Go Down

Topic: Ethernet2 (UDP) SPI transfers have a lot of dead time (Read 9516 times) previous topic - next topic

westfw

#15
Dec 02, 2016, 02:06 am Last Edit: Dec 02, 2016, 02:08 am by westfw Reason: Add images
Quote
changing the occurances of  SPI_CSR_DLYBCT(1) to  SPI_CSR_DLYBCT(0)
This does help significantly for the bare-metal SPI case...

With DLYBCT(1):

With DLYBCT set to zero after starttransaction:

westfw

Ah hah!  I get it!  Since the SPI single-byte "transaction" routines are all "return the read value", they MUST wait for the complete transmission to happen, so you get no benefit from the potential overlap of the transmission with other code.  We might as well be bit-banging :-(
The counted version of write() does a little better, but it's still not taking advantage of both the shift-register AND the TX buffer register.


pjrc

This is a longshot, but you might try my optimized Ethernet library.
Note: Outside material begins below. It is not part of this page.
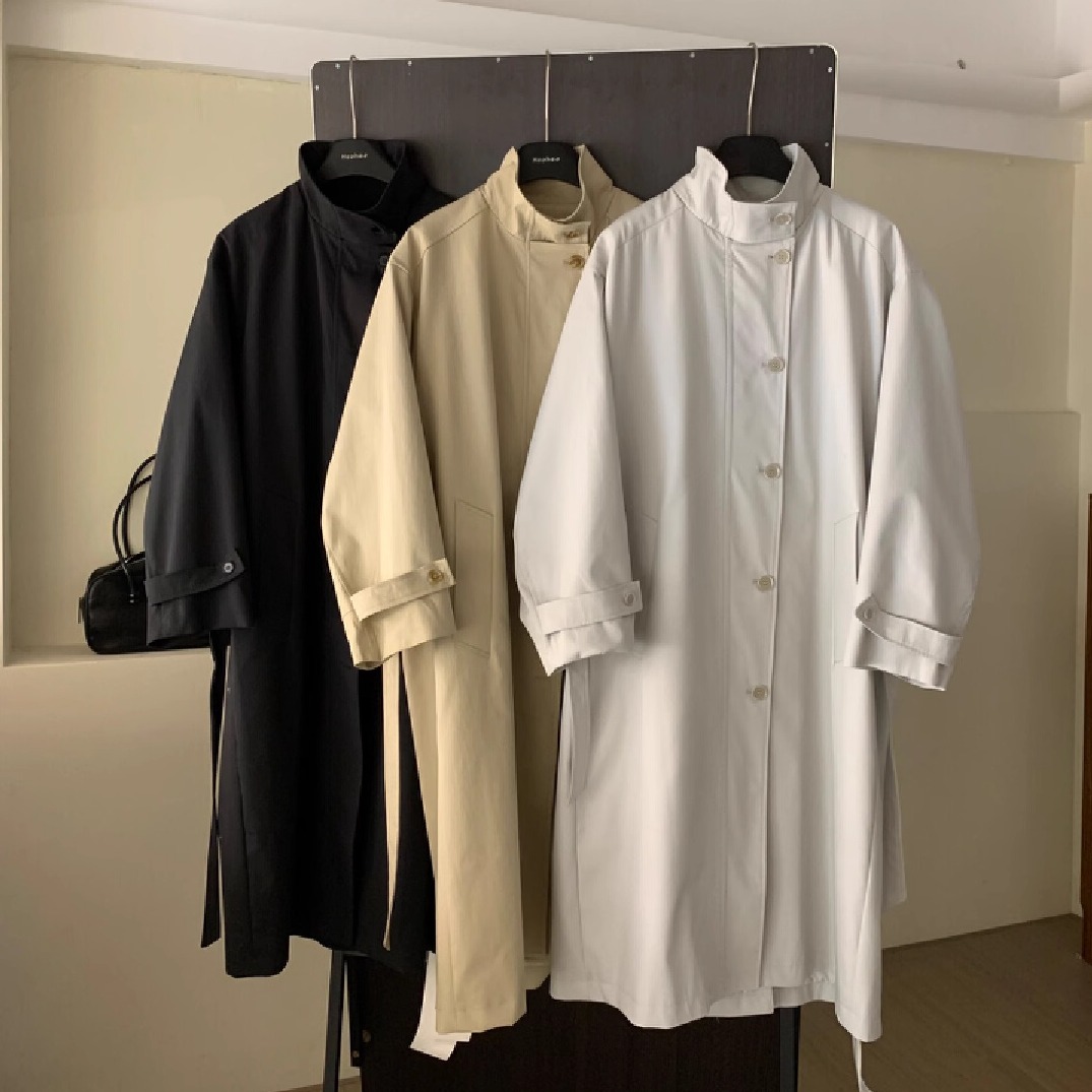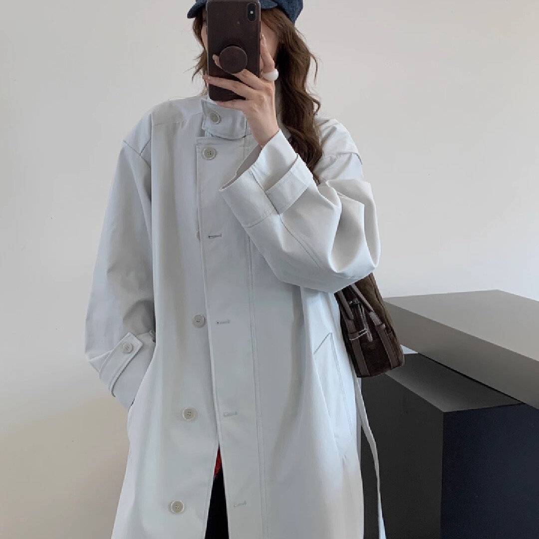 韩系卡其色风衣女秋季新款宽松显瘦中长款过膝气质大衣外套 9173

https://github.com/PaulStoffregen/Ethernet

Hopefully if you just put it into Documents/Arduino/libraries it'll override Arduino's version.  Pay attention to the messages about duplicate libraries and which one the Arduino IDE is really using.
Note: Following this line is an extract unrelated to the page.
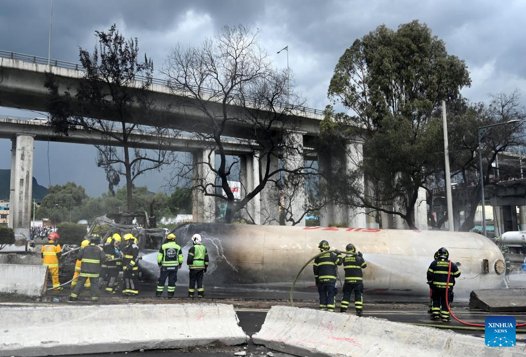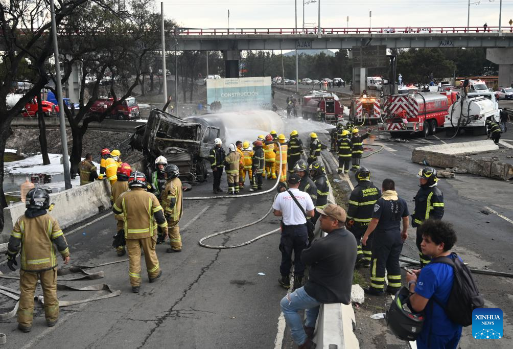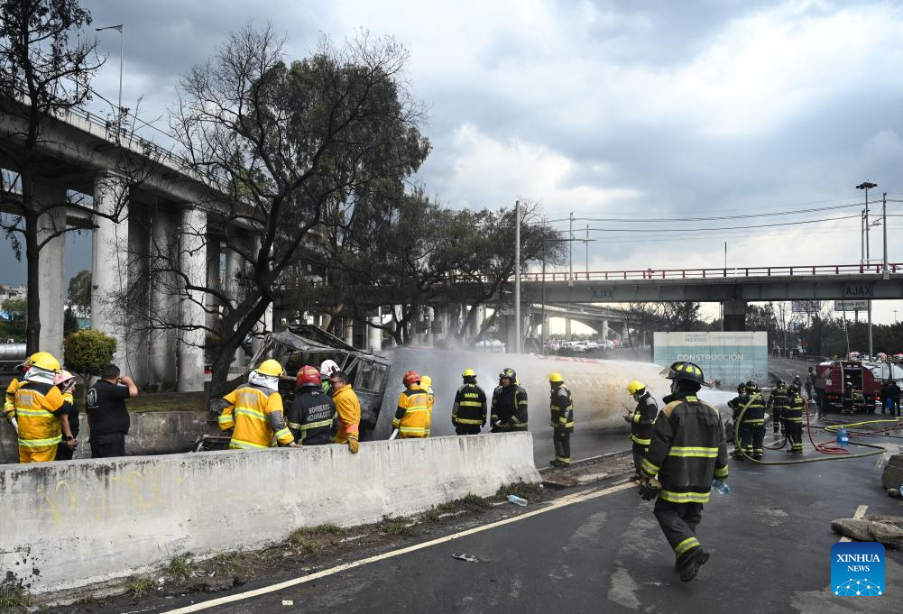 CIUDAD DE MEXICO, 10 septiembre, 2025 (Xinhua) -- Bomberos trabajan en el sitio donde se registró la volcadura y explosión de una pipa de gas LP (licuado de petróleo), en la Ciudad de México, capital de México, el 10 de septiembre de 2025. Al menos 57 personas lesionadas, 19 de ellas en estado de gravedad, es el saldo preliminar de un incendio derivado de la volcadura y explosión de una pipa de gas LP en el oriente de la Ciudad de México el miércoles, informaron autoridades locales. (Xinhua/Karen Alpide)

This doesn't fix the slowness of Due's SPI library, but it does eliminate the redundant accesses to those Wiznet index registers.  It also uses transactions at the socket level, rather than needlessly starting and stopping the SPI transaction over and over again at the W5500 read/write level.

I have been mostly testing with TCP, and there are still many unsolved mysteries of slowness.  I'm waiting for delivery of a network tap this weekend before I continue work on this... so I can see what the Wiznet chip is really doing with the packets.

weird_dave

It seems there is a SPI_CSR_DLYBCT(1) hiding in SPI.h, I had only changed the ones in SPI.cpp, so that explains it a bit more :)
Having made this change, buffer transfers have improved as well, 100 bytes is now about 48us. It's also knocked 50us off the UDP time (450 down to 400us)
I shall try the wiznet library (this was Ethernet2 from the library manager) and see if there's an improvment.
Currently, I can see it is doing byte by byte transfers for all of it, so there's massive gaps

I notice that the wiznet site says 15Mbps, but the datasheet says 80 for SPI and 15 for the Ethernet link, which makes sense given the wiznet library sets the SPI speed to 42MHz :)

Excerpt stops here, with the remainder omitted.